Additions to the original school building include a Modern Foreign Language block, a maths block of two classrooms, a suite of four maths classrooms and a design technology laboratory, a suite of four specialist Science laboratories, a purpose built Performing Arts studio and PE changing rooms.

==Curriculum==
The curriculum at Key Stage 3 for 11- to 14-year-old pupils covers the National Curriculum subjects. For English, Mathematics and Science pupils are taught in ability groups, as is French in Year 8 and Year 9. Ability groups are reviewed annually and changes are made in each pupil's best interest following a review of her work.
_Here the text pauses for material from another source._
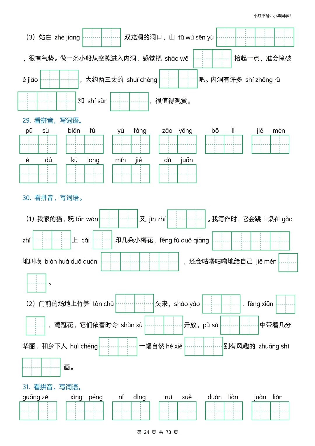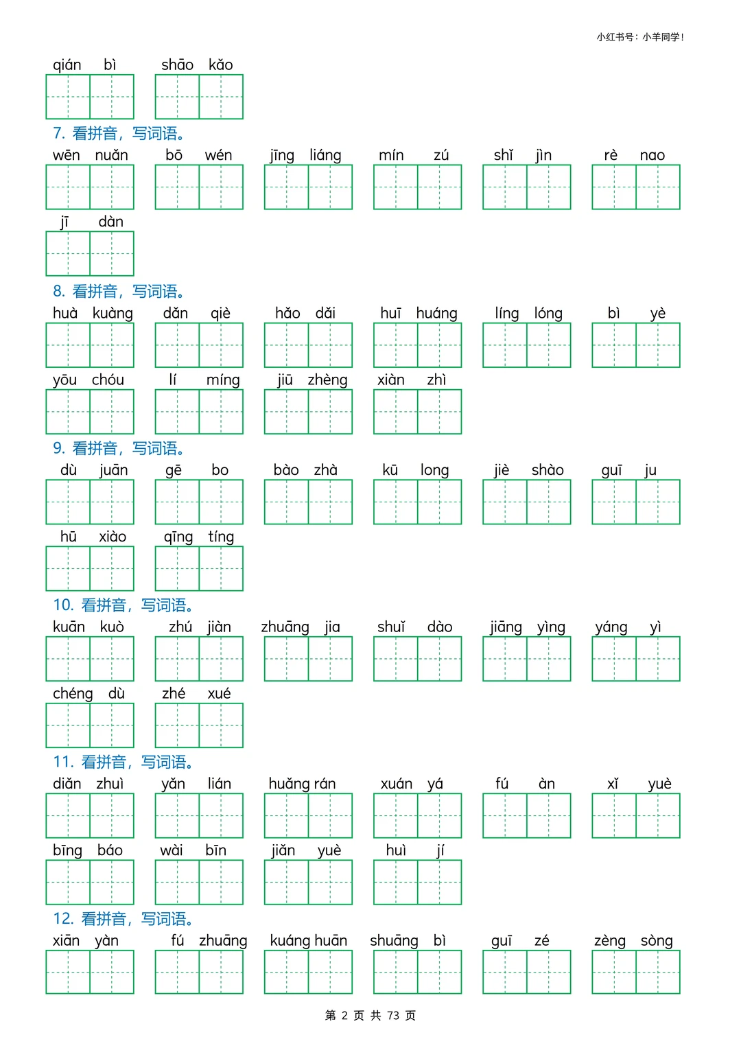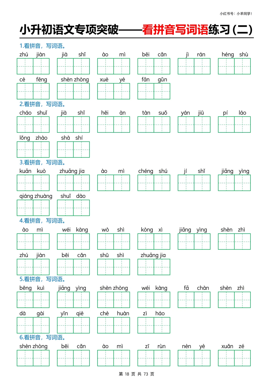 看拼音写词语专项训练挖到宝啦! 娃字词丢分、书写不规范?这套直接搞定✅ ✅ 3种题型:情景式+田字格+括号版,练写+检验一站式 ✅ 全覆盖小学易错字、高频字,精准踩考点,避开丢分坑 ✅ 题目版73页+答案版9页,可打印,家长省心娃高效 字词是语文基础,每天10分钟,夯实基础冲小升初✨ 🛍️评论区置顶链接可获取完整版。

Design Technology includes separate courses in Food. Art includes disciplines of Drawing and Painting, and Textiles. Walton's course of study for 14- to 16-year-olds at Key Stage 4 has a number of GCSE examination subjects which have to be taken by all: English (including English Literature), Mathematics, Science, Citizenship, Religious Studies and ICT. Pupils also take core Physical Education and Careers Education, which are not examined. The pupils also choose other subjects to add to this core. English, Mathematics and Science are taught in ability groups; all other subjects are taught to mixed ability groups. Subjects vary slightly from year to year.

The Sixth Form teaches both BTEC and GCE 'A' Level subjects, some of which run in collaboration with the town's grammar schools.

==Extra-curricular activities==
Pupils take musical and artistic activities, sport, where they compete with local regional teams, and participate in a Maths Challenge, Young Enterprise scheme, public speaking and citizenship events. Visits at home and abroad help Languages, History and PE study.

==Academic performance==
Walton Academy, like most schools, performs better academically at GCSE than many comparable coeducational schools. The school gains GCSE results better than most comprehensive schools in Lincolnshire, and is only surpassed some comprehensives in rural areas.